OpenAI on Monday announced a new Safety Fellowship, a pilot program that will fund a cohort of external researchers to conduct independent work on AI safety and alignment from September 14, 2026, through February 5, 2027. Applications are open until May 3, with successful candidates to be notified by July 25. The announcement landed hours after The New Yorker published an investigation raising serious questions about OpenAI's internal safety culture, the departure of key safety researchers, and the company's pattern of announcing safety initiatives in response to public criticism.
Fellowship Structure | Stipends, API Credits, No Internal Access
The program is open to researchers from computer science, social sciences, cybersecurity, privacy, and human-computer interaction, with OpenAI emphasizing research ability and technical judgment over academic credentials. Priority research areas include safety evaluation, robustness, scalable mitigation strategies, privacy-preserving methods, agentic oversight, and high-severity misuse domains.
Fellows will receive a monthly stipend, computing resources, and mentorship from OpenAI researchers. Workspace will be available at Constellation in Berkeley, California, though fellows may also work remotely. Notably, OpenAI specified that participants will receive API credits but not access to internal systems. Each fellow is expected to produce a research output, such as a paper, benchmark, or dataset, by the program's end.
| Detail | Description |
|---|---|
Duration | September 14, 2026 to February 5, 2027 |
Application Deadline | May 3, 2026 |
Notification | July 25, 2026 |
Compensation | Monthly stipend + computing resources + API credits |
Location | Constellation, Berkeley, CA (remote option available) |
Expected Output | Research paper, benchmark, or dataset |
Internal Access | API credits only, no internal systems |
The New Yorker Investigation | What the Probe Found
The timing of OpenAI's announcement is difficult to separate from the New Yorker piece, which published the same morning. The investigation, based on interviews with current and former employees, documented a pattern of safety researchers being sidelined or pushed out when their findings conflicted with product release schedules. It detailed the departures of Ilya Sutskever, Jan Leike, and other members of the former Superalignment team, which was dissolved in 2024 after receiving less than the 20% of compute resources it had been promised.

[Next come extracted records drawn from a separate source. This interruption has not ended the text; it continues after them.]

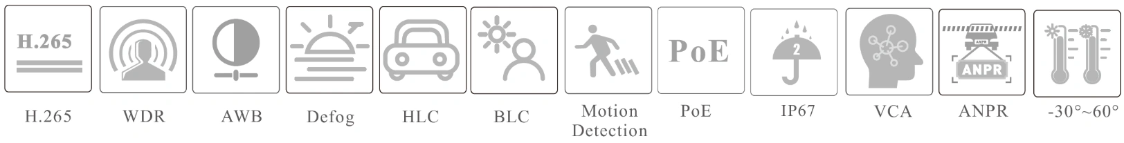 • 3D DNR, WDR, HLC, BLC and ROI coding
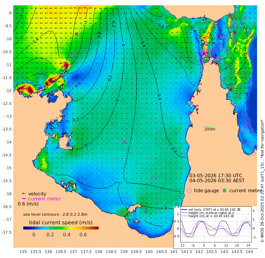 18cm/s -87T +3cm/s rms + 7cm/s -42T. ARA-GOC87 57m 23cm/s 158T +3cm/s rms + 2cm/s -2T. ARA-GOC87 60m 26cm/s -96T +2cm/s rms + 3cm/s 61T. ARA-GOC87 47m 18cm Daru 14cm Bobo Island 7cm Meer Island Barge -4cm Bramble Cay 5cm Unnamed Cay 12cm Pearce Cay 9cm Stephens Island -3cm Merrie England Shoals 10cm Mutacomal Reef 16cm Darnley Island Barge 5cm East Cay 22cm Yorke Island Barge 14cm Rennel Island 27cm Aureed Island 32cm Dungeness Reef 48cm Zagai Island 49cm Yam Island 74cm Dauan Island 78cm Saibai Island 66cm Phipi Reef 57cm Warrior Reef - West 63cm Mabuiag Island Barge 17cm Half Way Island 26cm Coconut Island 28cm Dugong Islet 37cm Poll Island 40cm Kirkcaldie Reef 62cm Suarji Island 48cm Sue Islet 56cm Hawkesbury Island 59cm Alert Patches 55cm Twin Island 56cm Badu Island 62cm St Pauls (Moa Island) 53cm Kubin (Moa Island) 59cm Ince Point 63cm Thursday Island 62cm Nardana Patches 62cm Turtle Head 51cm Round Island 58cm Goods Island 68cm Booby Island 57cm White Rocks Area 84cm Carpentaria 48cm Papou Point 69cm Bampfield Head 56cm Crab Island 65cm Red Wallis Island 58cm Packe Island 28cm Harrington Reef 75cm Herald Camp 22cm Sharp Point 57cm Red Island Point 54cm Possession Island 42cm Alpha Rock 42cm Frederick Point 11cm Wyborn Reef Light 17cm Tetley Island 13cm Triangle Reef 14cm Turtle Head Island 14cm Maclennan Cay 4cm Raine Island 12cm Mcsweeny Reef 10cm Collette Reef 8cm Shadwell Reef 4cm Hannibal Island -5cm Round Point 63cm Vrilya Point 4cm Cape Grenville 5cm Hicks Island 18cm Sir Charles Hardy Island 3cm Harvey Island 1cm Kay Reef 6cm Rocky Island 8cm Chapman Island 10cm Ham Reef 7cm Jubilee Reef 6cm Night Island 9cm Unnamed Reef No. 3 2cm Morris Island 9cm 1st 3 Mile Opening 10cm Creech Reef 3cm Fife Island -1cm Eden Reef 4cm Stanley Island -3cm Normanby River -200cm Yabooma Island -235cm Hutchison River -211cm Elcho Island -204cm North West Crocodile Island -121cm Cape Wessel -193cm Stevens Island -103cm Guluwuru Island -171cm Hopeful Bay -141cm Auster Point -146cm Two Island Bay -187cm Cadell Strait -66cm Mallison Island -102cm Melville Bay (Gove Harbour) -103cm Truant Island -61cm Cape Arnhem -44cm Cape Grey -44cm Hawk Island -31cm Milner Bay (Groote Eylandt) -24cm Cape Beatrice 11cm West Island 15cm Centre Island 9cm Mornington Island 16cm West Wellesley Islands 4cm Bountiful Island -56cm Albert River Mouth -56cm Sweers Island -39cm Karumba 33cm Nassau River Offshore 56cm Christmas Creek 52cm Archer River 61cm Boyd Point 57cm Weipa (Humbug Point) 47cm Pennefather River 66cm Cullen Point
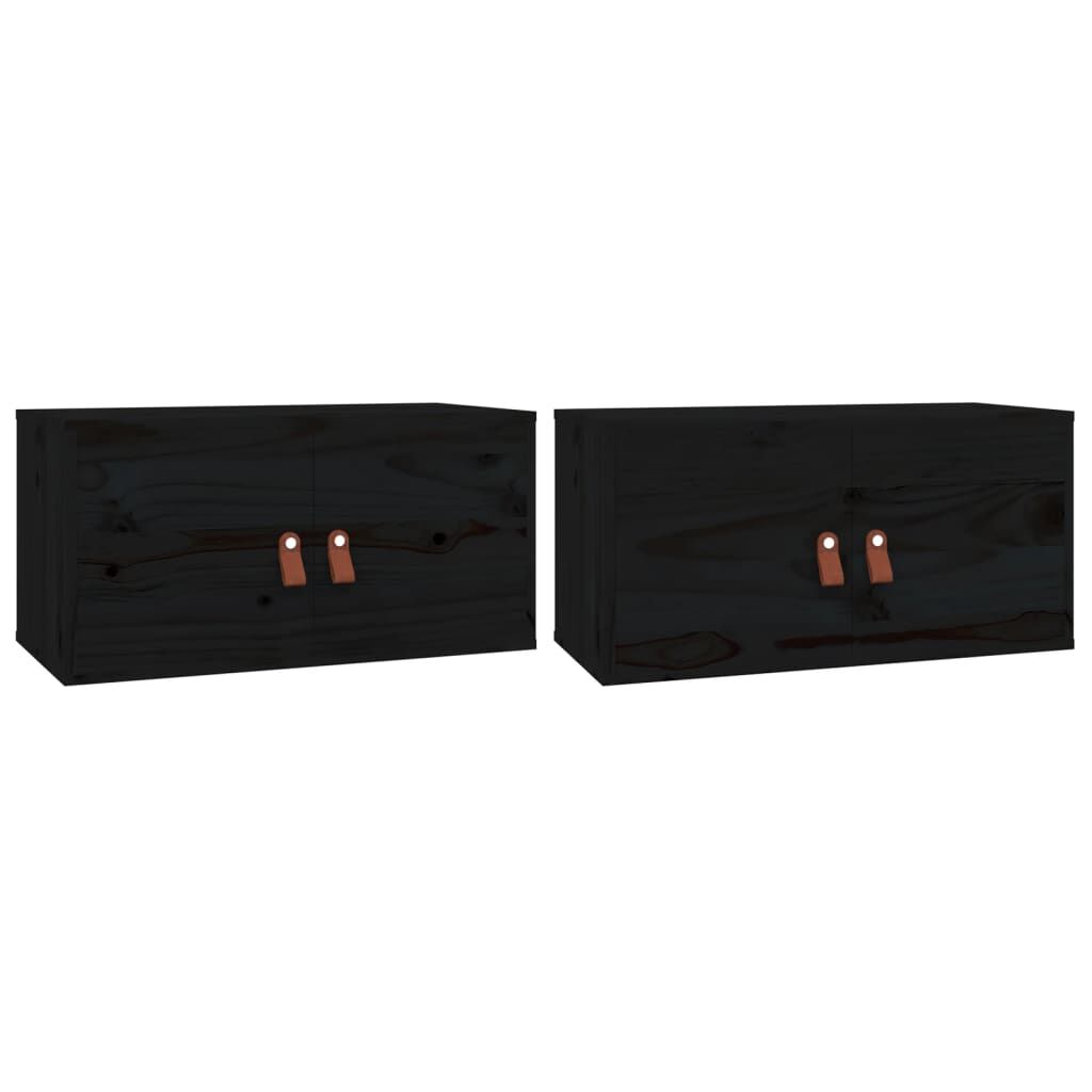 vidaXL Veggskap 2 stk svart 60x30x30 cm heltre furu
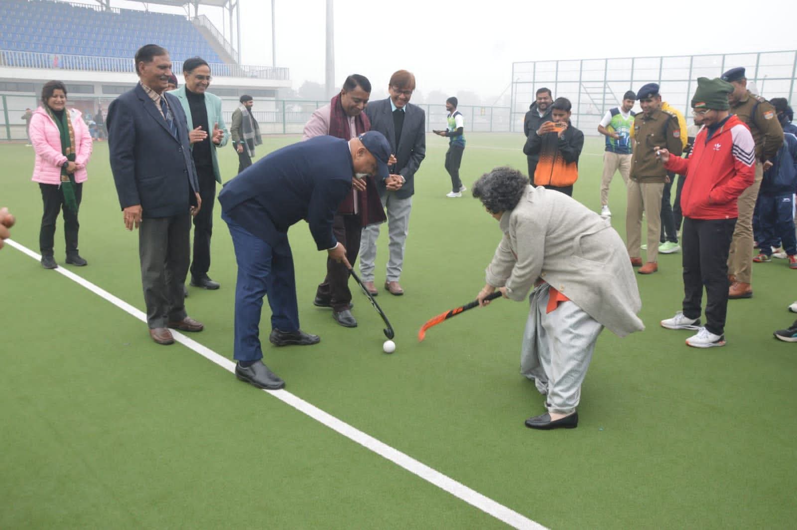 हरिद्वार। खेल हार-जीत नही बल्कि सीख-जीत की मानसिकता को विकसित करने की अनुपम विद्या है। खिलाडी को खेल मे लक्ष्य के प्रति सजग एवं निरन्तर प्रयत्नशील बने रहने पर लक्ष्य प्राप्ति मे सफलता मिलती है। गुरुकुल कांगडी समविश्वविद्यालय द्वारा भारतीय विश्वविद्यालय संघ, नई दिल्ली के तत्वावधान में रोशनाबाद स्थित वंदना कटारियाॅ हाॅकी स्टेडियम मे आयोजित की जा रही उत्तर-क्षेत्र अन्तर विश्वविद्यालय हाॅकी पुरूष वर्ग प्रतियोगिता के शुभारम्भ अवसर पर अपर पुलिस महानिदेशक एवं प्रमुख सचिव खेल अमित सिन्हा ने अपने सम्बोधन मे यह बात कही। उन्होने प्रतिभागी टीमों का आहवान किया कि खेल मे प्रतिभा की पहचान एवं उसे तराशने मे कोच की कुशलता जरूरी है। कार्यक्रम की अध्यक्षता करते हुये समविश्वविद्यालय कुलपति प्रो0 प्रतिभा मेहता लूथरा ने कहाॅ कि खेल का स्वरूप वृहद यज्ञ के समान है, जिसमे खेलने वाला खेल तथा कुशलता रूपी आहूति से श्रेष्ठता प्राप्त करता है। जिसमे समय एवं तकनीकि जानकारी रूपी समिद्या की आवश्यकता पडती है। उदघाटन कार्यक्रम का शुभारम्भ यज्ञ के माध्यम से आरम्भ हुआ जिसमे मुख्य अतिथि अमित सिन्हा (आई0पी0एस0) अपर पुलिस महानिदेशक एवं प्रमुख सचिव खेल, उत्तराखण्ड सरकार ने भी अपनी आहूति दी। उन्होने खेलो का शुभारम्भ यज्ञ के माध्यम से कराने को एक विशिष्ट पहल बताते हुये गुरुकुलीय परम्परा को सराहा। उत्तर-क्षेत्र की कुम्भ-रूपी इस प्रतियोगिता मे पंजाब, दिल्ली, उ0प्र0, उत्तराखंड, हिमाचल प्रदेश, हरियाणा, कश्मीर आदि प्रदेशों की 42-विश्वविद्यालयों की टीमें प्रतिभाग कर रही है। दिनांक 11.01.2026 से 17.01.2026 तक आयोजित यह प्रतियोगिता नाॅक-आउट कम लीग बेसिस पर आयोजित की जा रही है। प्रतियोगिता का उदघाटन मैच कलस्टर यूनिवर्सिटी, जम्मू तथा यूनिवर्सिटी आॅफ इलाहाबाद के मध्य आरम्भ हुआ जिसमे यूनिवर्सिटी आॅफ इलाहाबाद ने कलस्टर यूनिवर्सिटी, जम्मू को 2-0 से परास्त किया। दूसरा मैच जी0बी0 पंत वि0वि0, पंतनगर तथा सी0एस0जे0एम0 विश्वविद्यालय, कानपुर के खेला गया जिसमे कानपुर ने पंतनगर को 6-0 से परास्त किया। डाॅ0 बी0आर0 आगरा तथा कुमायु वि0वि0 के बीच हुए मैच मे आगरा 3-2 से विजयी रही। आई0आई0टी0 रूडकी तथा गुरू जम्बेशवर, मुरादाबाद के बीच हुऐ मैच मे मुरादाबाद 3-2 से विजयी रहीं
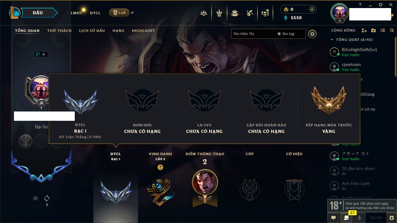 Rank Đơn: Bạch Kim IVKhung: Bạch kimTướng: 171 - Còn 182788 THXTrang Phục: 158Rank ĐTCL: Lục Bảo IVLinh Thú: 56
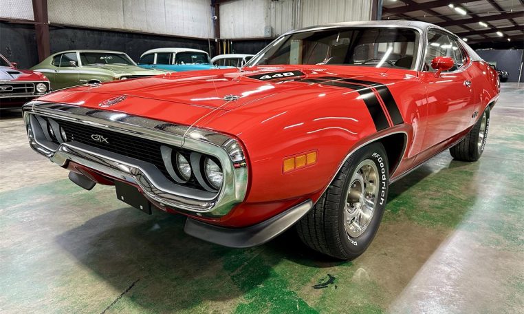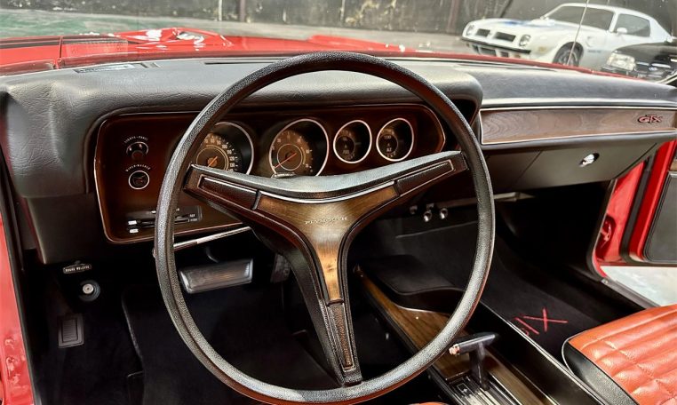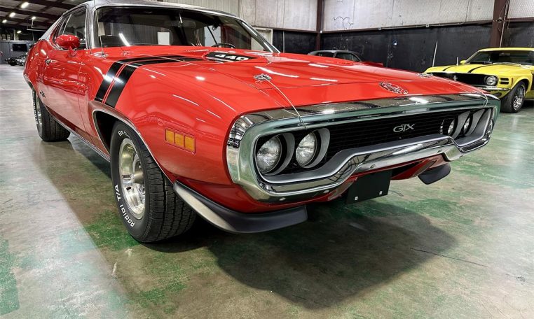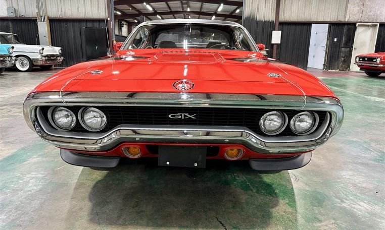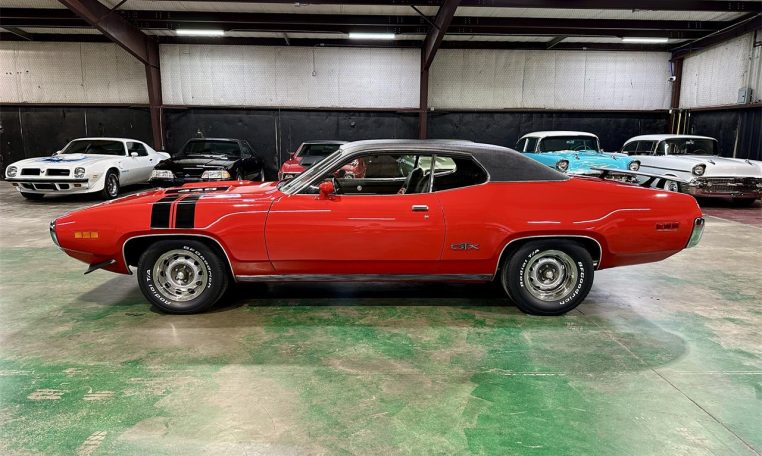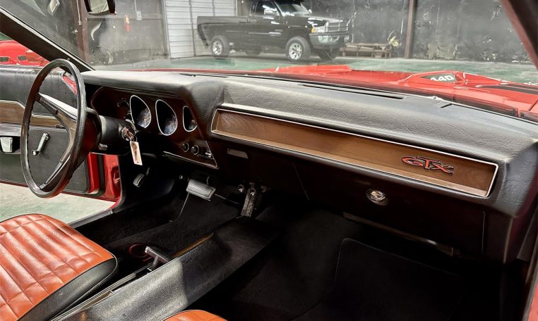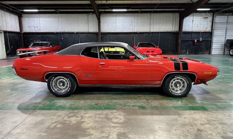 This 1971 Plymouth GTX is a true numbers-matching example powered by its original 440 V8 engine and 727 automatic transmission. Finished in Rallye Red (code FE5) with a black vinyl top, the car features a solid body and rides on 15″ Rallye wheels with new 255/60 and 275/60 tires. The interior boasts the original Halloween bucket seat design, center console, floor shifter, and an AM/FM radio. Mechanical highlights include power steering, manual front disc brakes, manifolds, dual exhaust with aftermarket mufflers, and distinctive machine gun tips. The odometer reads 67,324 miles, believed to be original but not fully verified. Very solid underneath with the fender tag intact, this GTX runs and drives great.
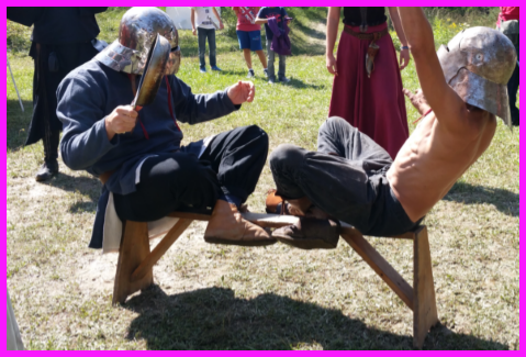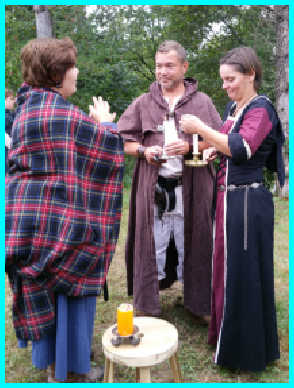 Après cette belle démonstration de force, le public assiste à un mariage celte célébré en plein air par un druide ou une prêtresse à l’intérieur d’un cercle tracé au sol dans le sens des aiguilles d’une montre.
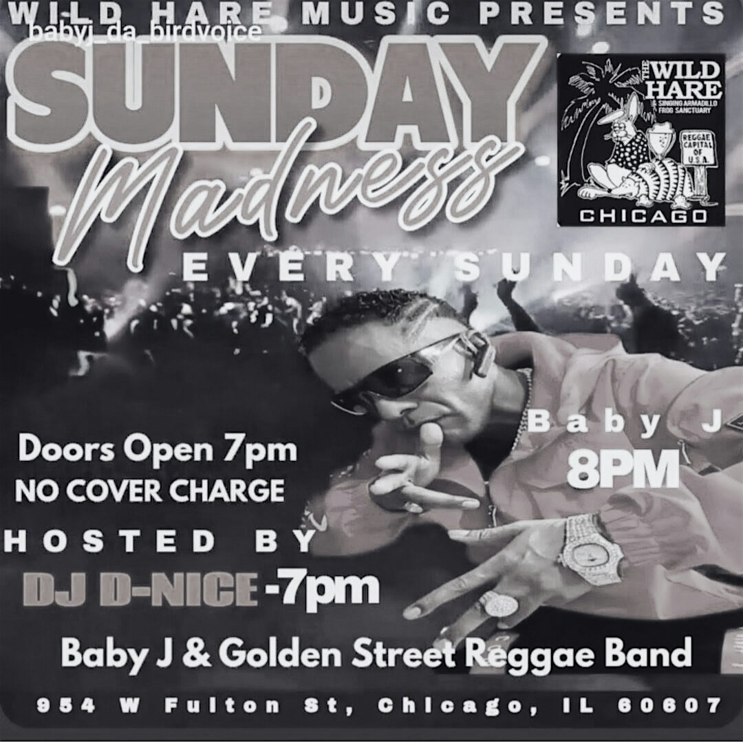 by admin27Feb Wild Hare Music Presents BABY J & GOLDEN STREET REGGAE BAND at The Wild Hare & Singing Armadillo Frog Sanctuary – Chicago, IL Wild Hare Music Presents BABY J & GOLDEN STREET REGGAE BAND at The Wild Hare & Singing Armadillo Frog Sanctuary – Chicago, IL 1 1 people viewed this event. Wild Hare Music presents a complimentary live set from Baby J & Golden Street Reggae Band! Tickets-RSVP Link Date And Time Sunday, March 8th, 2026 08:00 PM (PST) Venue The Wild Hare & Singing Armadillo Frog Sanctuary Location 950 West Fulton Street, Chicago, IL 60607 Event Types Concert or PerformanceMusic Event Category ChicagoIllinois Share With Friends Facebook Twitter Linkedin Xing Pinterest Share This Post:
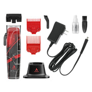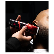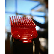 Limited-Edition Kenny Duncan Clipper, adjustable stainless-steel black Master taper blade ( 000-1) with 28-tooth ceramic cutter, two dual-magnetic red attachment combs (#0.5 - 3/32”, #1.5 - 3/16"), bonus left-hand lever arm, premium charging stand, charging adapter, blade cleaning brush, blade guard and blade oil.
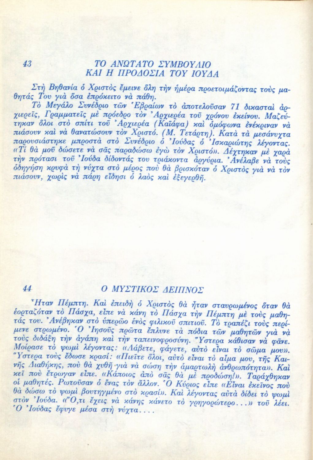 Βαθμίδα εκπαίδευσης: Πρωτοβάθμια Μάθημα: Θρησκευτικά Γλώσσα: Δημοτική με στοιχεία καθαρεύουσας Παρουσίαση περιεχομένου: Μαθητικό βοήθημα Θρησκευτικών που παρουσιάζει την ιστορία της Καινής Διαθήκης μέσα από εικόνες και σύντομα κείμενα. |
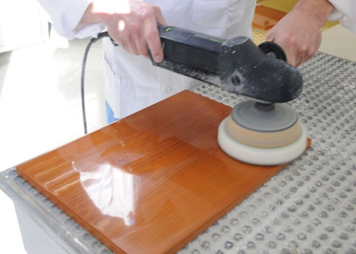 Zostatok leštiacej pasty odstrániť mikrovláknovou handrou a nakoniec, najlepšie ručne, vyleštiť politúrou na vysoký lesk. Odporúčané leštiace látky nájdete v našej smernici.
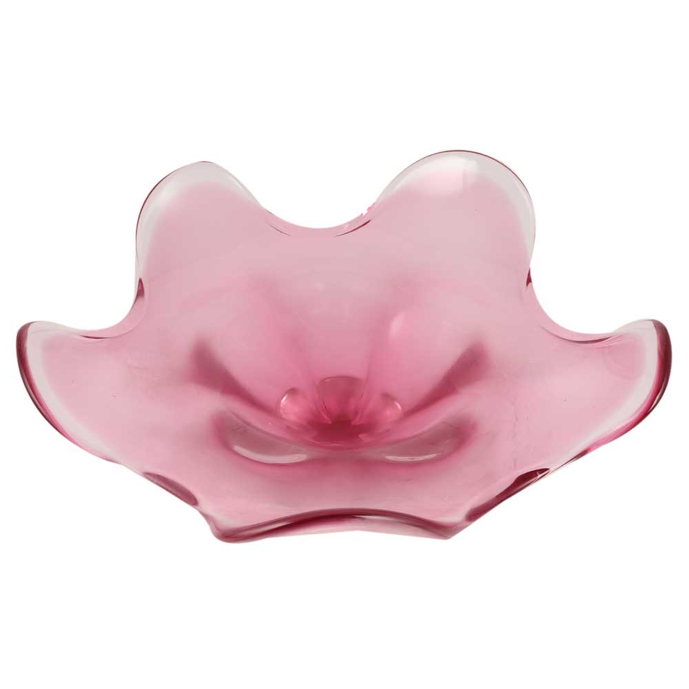 Abstract Pink glass bowl from the mid-century period is the ideal gfit for your friends and family. The floral, flower-shaped peel in bright pink is the ideal sideboard companion. It's ideal as a candy or condiment dish.
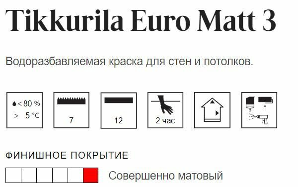 Ниже Вы можете прочитать отзывы на Tikkurila Euro Matt 3 Краска интерьерная для стен и потолков (под колеровку, глубокоматовый, база C, 9 л), ознакомится с подробными характеристиками, посмотреть интересные обзоры и фотографии на Tikkurila Euro Matt 3 Краска интерьерная для стен и потолков (под колеровку, глубокоматовый, база C, 9 л).
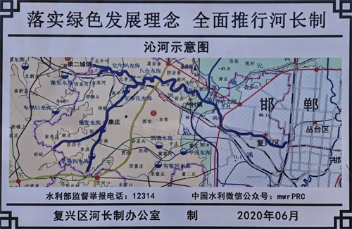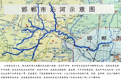 网上查询信息显示,沁河原名牛首水,是邯郸主城区的一条季节性河流,是横贯邯郸市东西的一条重要河流,属滏阳河支流,发源于邯郸西部丘陵区。沁河全长43.8km,有三条支流:北流称为岩嵛河,它自紫山南麓流至葛岩嵛村南偏东,合为沁河而东流;中间为牛叫河,它自武安车辋口村北东流经复兴区停泗头、东高河、大河坡、北牛叫等村,后东折流至牛叫河村东合为沁河;南流自武安胡峪村,经复兴区康庄乡南李庄村南向东北流,贯穿康庄、户村,在牛叫河的村东南合为沁河。三源汇合后东流,经百家村、西关入滏阳河。
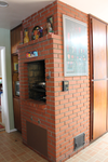We reviewed several options for the cabinet: stained or painted wood. Custom birch wood cabinets were selected to add warmth to the room. Along the perimeter walls a light speckled Caesarstone countertop provides a durable work surface with ease of maintenance. The porcelain tile backsplash picks up the rich red/ brown tones and adds silver highlights that complement the stainless appliances. The contrasting brown/black Caesarstone on the expansive, two level island provides prep surfaces as well as an informal counter seating area. The use of 2 countertop colors adds visual interest to the space.
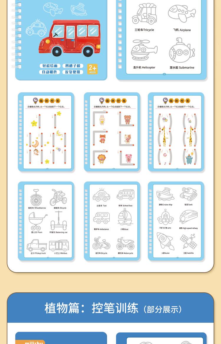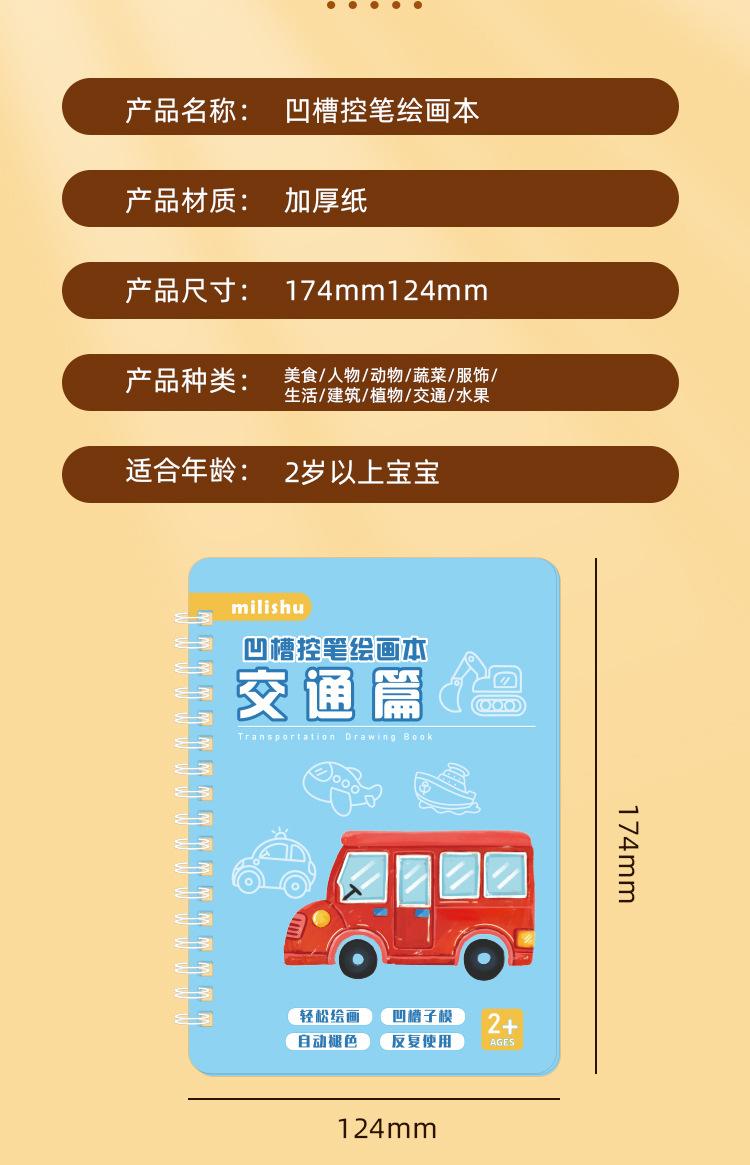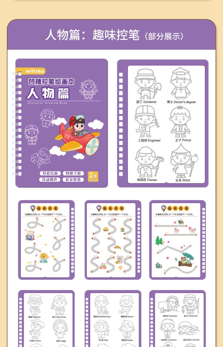 Libro de pintura para niños, cuaderno de entrenamiento con lápiz de control de ranuras, práctica de iluminación para principiantes, libro de pintura de aprendizaje de ranuras para niños de 2 años

The New Yorker report also raised questions about OpenAI's internal red-teaming processes, alleging that safety evaluations were sometimes compressed to fit product launch timelines rather than the other way around. Several former employees described a culture where raising safety concerns was treated as a career risk rather than a professional obligation.
OpenAI's Safety Track Record | A Pattern of Reactive Announcements
This is not the first time OpenAI has announced safety measures under reputational pressure. The company launched its Preparedness Framework in December 2023 following employee unrest over the brief ouster of CEO Sam Altman. It published its safety evaluation protocols for GPT-4o after researchers flagged voice-mode risks publicly. And it created the Safety Advisory Group after Congressional testimony in which Altman acknowledged the need for external oversight.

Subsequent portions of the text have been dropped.